Bu güne kadar önce AB Gümrük Birliğine giren sonra da AB’ye tam üye olan bir devlet yok. Bu garabet Türkiye’ye özgü. Türkiye Karar mekanizması içinde olmadığı AB’nin tüm kurallarını gözü kapalı uygulamaktadır. Aslında 1995 Gümrük Birliği Anlaşması, Anayasanın 90.cı maddesine göre TBMM’de onaylanmadığı için hukuken T.C. Anayasasına aykırı bir anlaşma ve uygulama durumunda.
Türkiye’nin AB ile imzaladığı Gümrük Birliği (GB) Anlaşması 10. yılına girdi. Geçen 10 yılın sonunda Türkiye bu Gümrük Birliği yükünü taşıyamaz konuma geldi. Hala daha bu durumu dikkate alan yok. Buna karşın AB hayali tam gaz gidiyor. Yakında beton bir duvara çarpacağı da kaçınılmaz bir kader. Kader diyorum ama aslında bu bir somut gerçek. Bunun gerçek olduğu Müzakere çerçeve belgesinde Türkiye’nin tam üyelik tarifi yapılmamasından ve müzakere adıyla siyasal dayatmalarla Türkiye’nin çözülme sürecine sürüklenmesinden çok iyi anlaşılmaktadır.
AB-Türkiye Gümrük Birliği Tarım ve Hizmet sektörünü kapsamıyor. Tarım halen daha Türkiye’nin en yaygın üretim alanlarından birisi. Genç kuşağın sayısı ve dinamizmi ise dikkate değer. Her ikisi de anlaşma dışı. Bu nedenle de aradan geçen 10 yıl Türkiye’yi AB’nin pazarı konumuna getirdi açıkçası. Türklerin üretkenlik yeteneği köreldi, Dış ticaret açığı Cumhuriyet tarihinde görülmeyen düzeye çıktı vede en kötüsü rekabet koşulları daraldı.

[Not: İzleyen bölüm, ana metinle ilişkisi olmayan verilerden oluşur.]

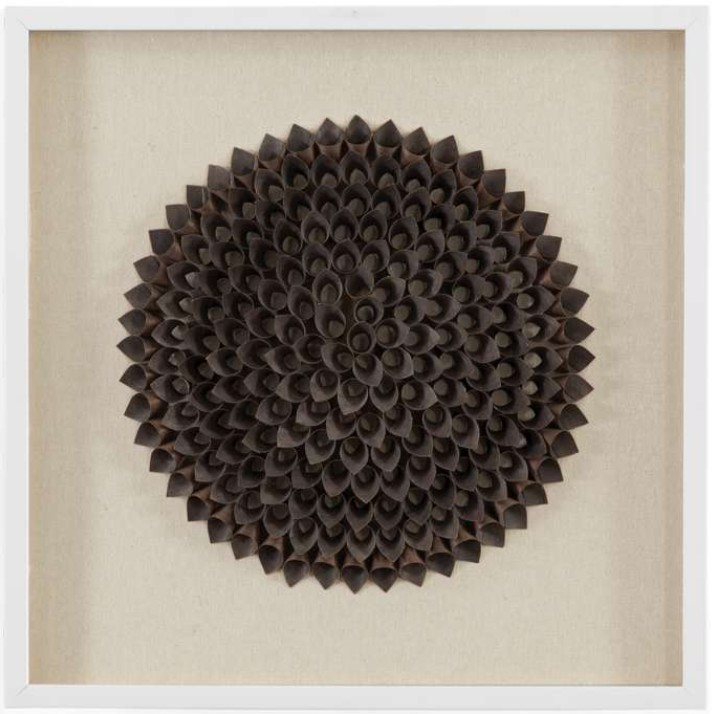 Nature wall art is a shadow box accentuated with a linen-like oatmeal-colored mat and a floral pattern of rolled cutouts of natural fibers and a white modern frame. This piece of art is hand-painted by a skilled artist lending itself to a unique technique and will vary slightly.Read More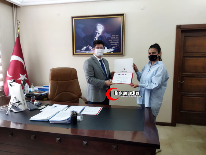 Okul Müdürümüz ve misafirlerimiz Kaymakamız Murat Büyükköse'ye hediyelerini sundular. Kaymakamız Murat Büyükköse projeyi yürüten öğretmen ve misafirlerimize sertifikalarını takdim ettiler.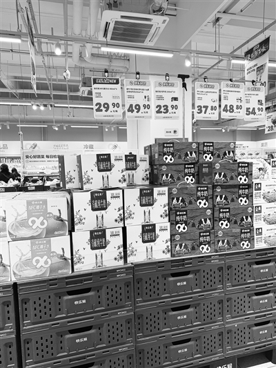 作为一家自营超市,自营产品在这家超市中的占比也非常高,在乳品、熟食、百货、休闲食品、米面等品类上,都可以看见美团自营品牌的身影。超市在装修风格上也完全遵循着硬折扣超市的风格:极简、一眼到底,一进门就可以将店内不同品类的商品摆放位置看个七七八八,比起超市,更像一个升级版的菜市场。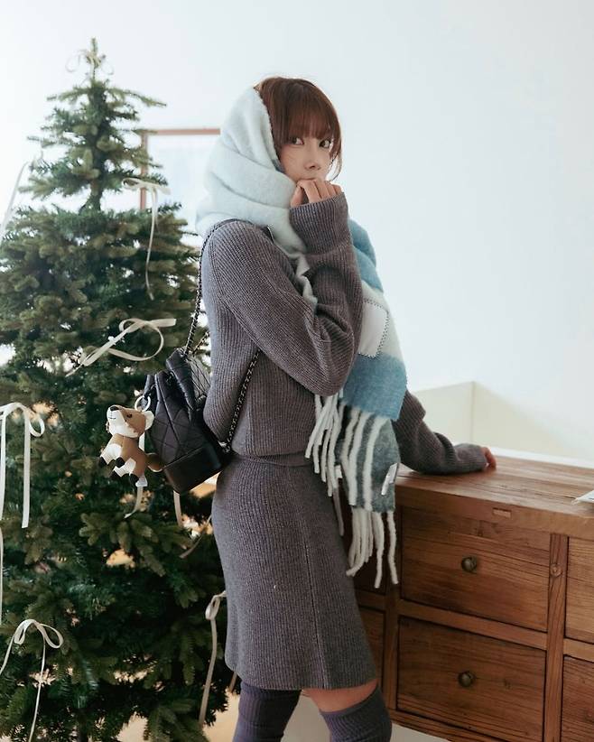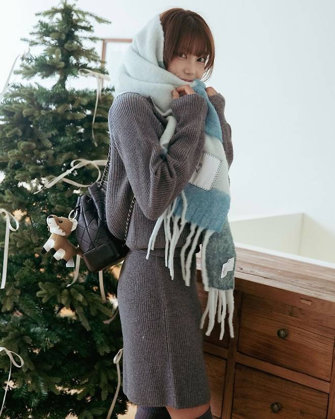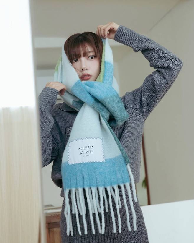 사진 속 박나언은 마치 겨울 숲 속의 요정처럼 따스하고 사랑스러운 분위기를 자아냅니다. 그 비결은 단연 그녀가 감싸고 있는 메종키츠네 24FW 패치로고 스트라이프 알파카 울 믹스 공용 머플러 덕분이죠.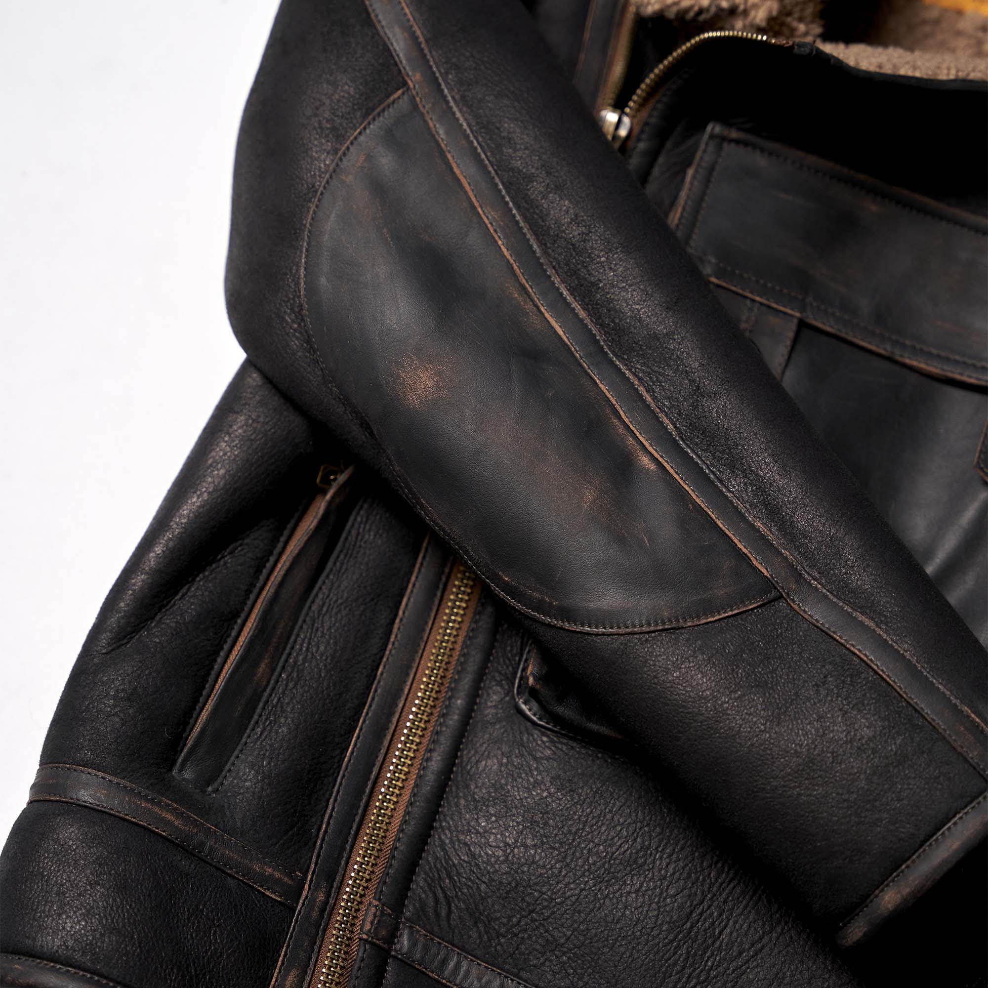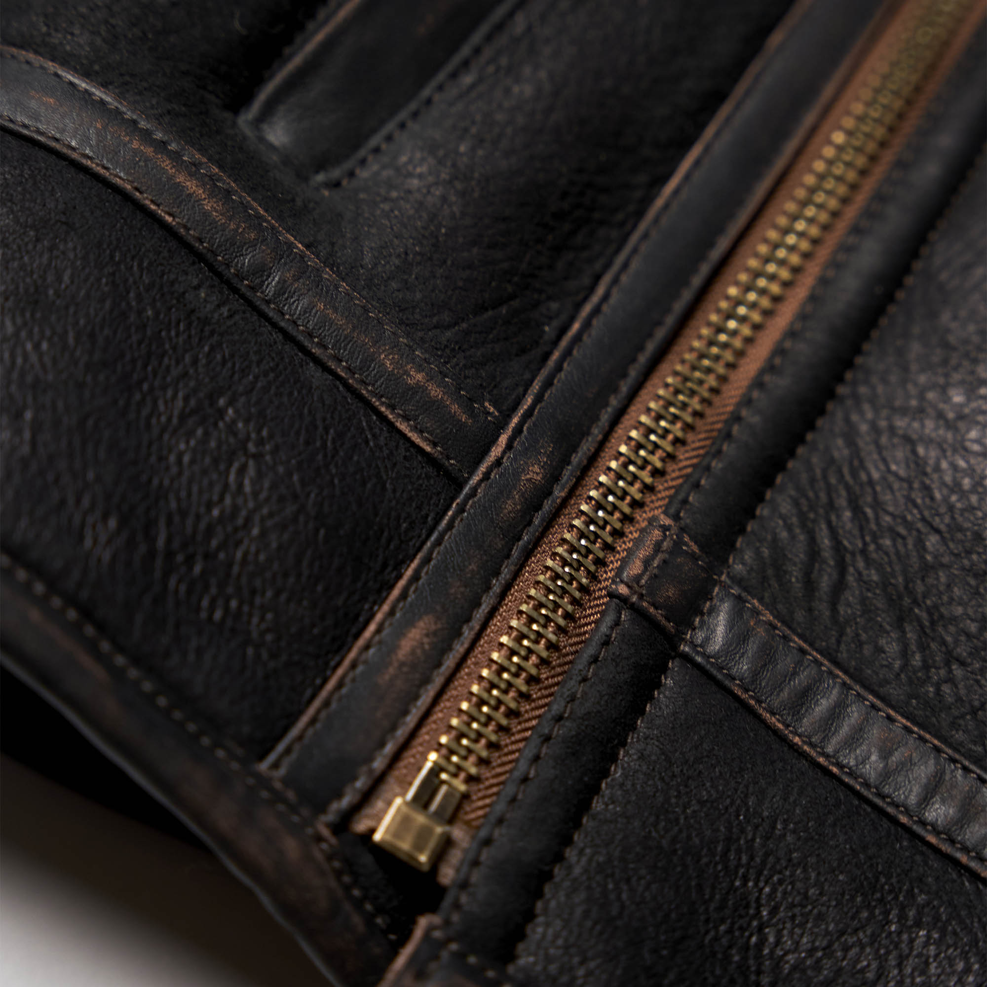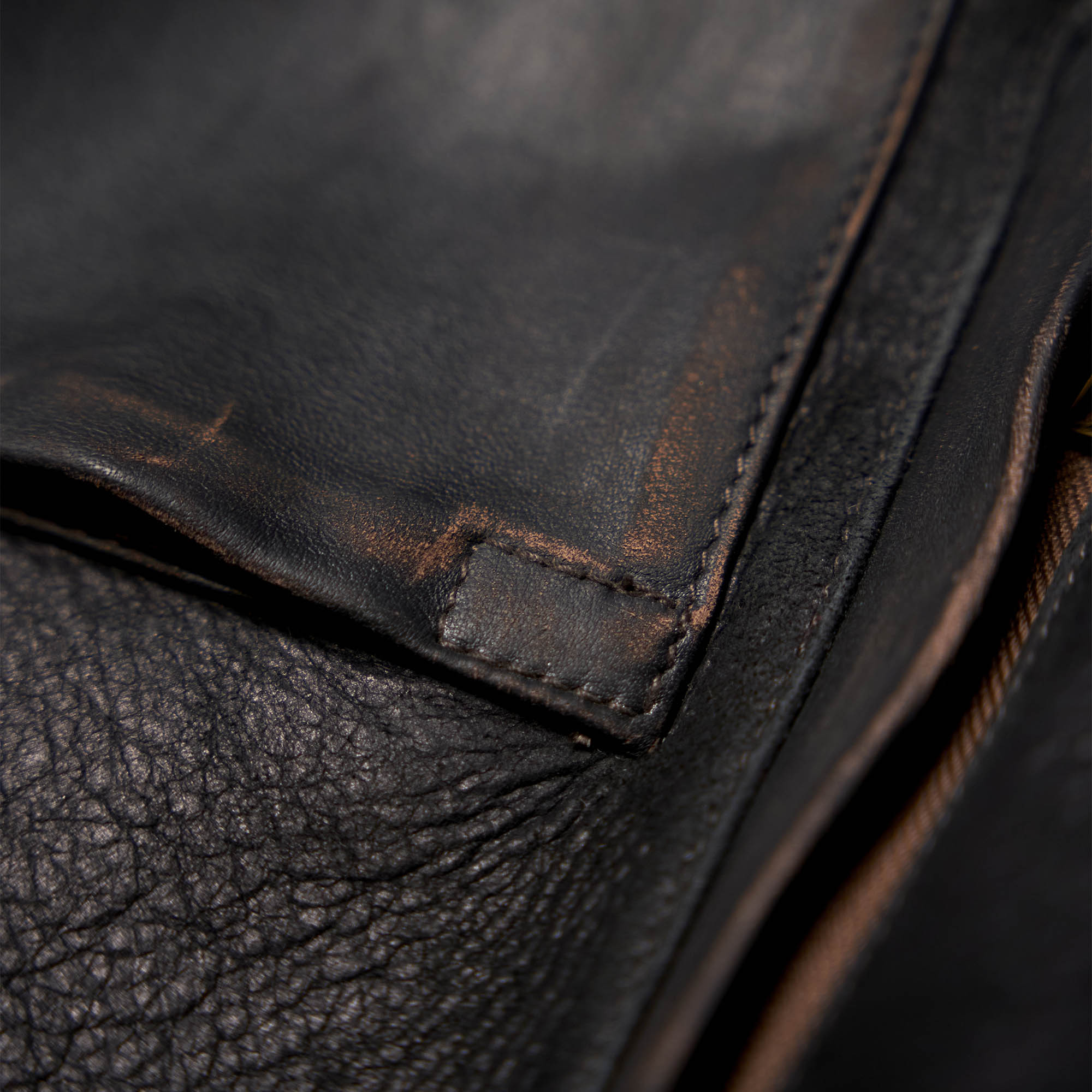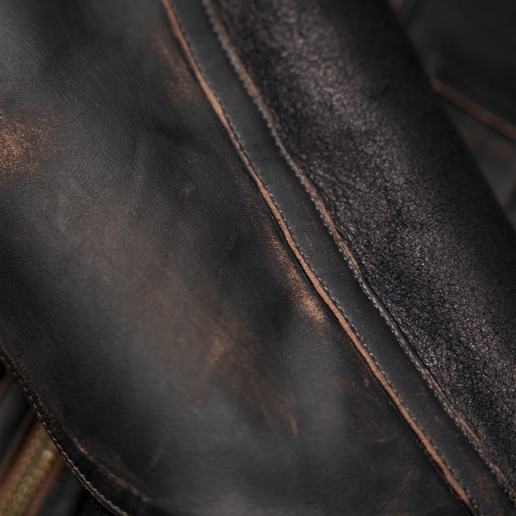 The Full Grain Tea-Core Steerhide has been aged by hand, giving it a real antique look. This Leather will change color with the wear, developing a unique Patina on the jacket, as a personal journey. The Black Tea-core Leather will begin to reveal the natural color under-layer, showing signs of time when it’s exposed to the elements and daily use, showing awesome scratches and fades in a various shades of golden and brown tone.

Türkiye bu anlaşmayla AB’nin ortak gümrük politikasını uygulama yükümlülüğü altına girdi ve üçüncü ülkelerle AB’nin kendi çıkarları doğrultusunda belirlediği dış ticaret kararlarını, Türkiye’nin çıkarlarıyla çelişse dahi uygulama zorunluluğunda kaldı.
Tam üye olmadan girdiği GB ile Türkiye, aslında egemenliğini Brüksel’e devretmiştir.

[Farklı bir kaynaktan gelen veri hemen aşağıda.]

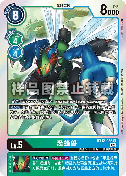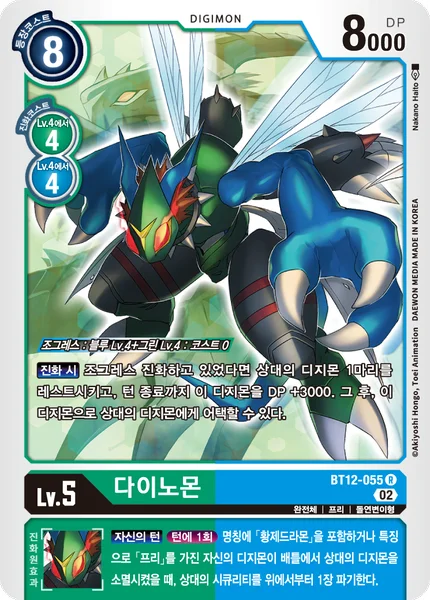 DNA Digivolution 0 fromBlueLv.4 +GreenLv.4 Digivolve unsuspended with the 2 specified Digimon stacked on top of each other.When Digivolving If DNA digivolving, suspend 1 of your opponent's Digimon, and this Digimon gets +3000 DP for the turn. Then, you may attack your opponent's Digimon with this Digimon.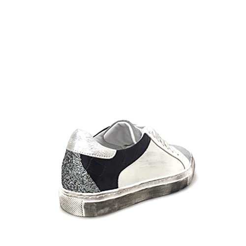 Sneakers Pelle Stampa Cocco e Glitter Argento Vera Pelle Made in Italy (Numeric_36)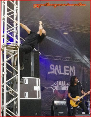 On passe à la grande scène pour le premier concert avec Salem, précurseur du doom/death israélien avec presque trente ans d’existence. Ne connaissant le groupe que de nom, je suis agréablement surpris par l’énergie qui se dégage. Ça bouge dans tous les sens, notamment le chanteur qui ne sait plus quelle pitrerie inventer pour se faire remarquer. Etonnant pour un groupe de doom. Le chant clair m’a paru totalement inutile par contre.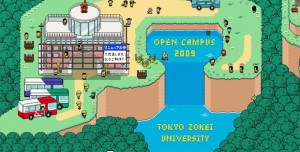 Spostiamoci in Giappone, dove andiamo a parlare di una web page universitaria, proprio come potrebbe essere quella del politecnico di Torino… Ecco, digitando il suo indirizzo e dopo aver caricato per qualche secondo, ci troviamo di fronte a qualcosa di decisamente inatteso, niente loghi altezzosi, niente elenchi delle specializzazioni di facoltà impilati uno dietro l’altro ed incastonati in scarni fondali, magari con l’immagine del palazzo universitario piazzato come banner. Ci troviamo in un mondo ad 8 bit totalmente animato, in pieno stile “gioco di ruolo” Nintendo, dove ogni tua scelta sarà guidata da un sottofondo musicale (esclusivamente 8-bit) e gidierresco 😀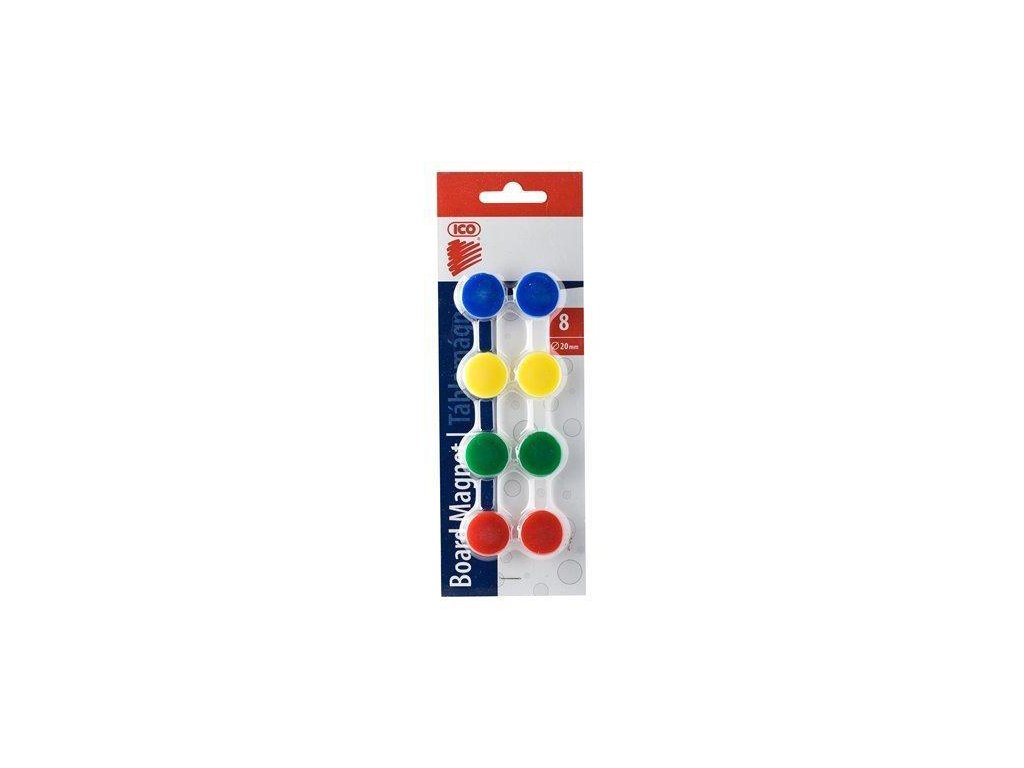 Plastové magnety priemeru 20mm, praktické k magnetickým tabuliam. Balené na blistri po 8 kusoch v štyroch výrazných farbách.

Yunanistan 1981 yılında üye olduktan 5 yıl sonra, İspanya ve Portekiz ise 1986 yılında üye olduktan ancak 7 yıl sonra GB’ye dahil olmuşlardır. Bu süre zarfında aldıkları fonlarla ekonomilerinin zayıf yanlarını onararak ve AB’nin güçlü ekonomileriyle uyumlandırarak hazırlık yapmışlardır.
Bence Türkiye, tam üye olmadan GB’ ye girerek, tam üyelik şansını da tamamen kaybetmiştir. Türkiye için müzakereler sonunda varılacak sonuç, “Ayrıcalıklı Ortaklık”dır.
Zaten Katılım Ortaklığı Müzakerelerinde çıkarılan huysuzluklar, Kıbrıs konusu, Kıbrıs için istenen tavizler, Türk Limanlarının Rum gemi ve uçaklarına açılması talepleri, Türk askerinin adadan geri çekilmesinin istenmesi ve Yunanistan AP milletvekili Yorgo Karacaferis’in Türklere azınlık statüsü verilmesi yazısı, müzakerelerin sonunda neler olacağını açıkça ortaya koyuyor.
Bence Türkiye’nin gözünde kapkara bir gözlük var ve Batıya doğru koşarken önünü göremiyor. Önünde toslamak üzere olduğu dev gibi bir duvar var. Benden söylemesi.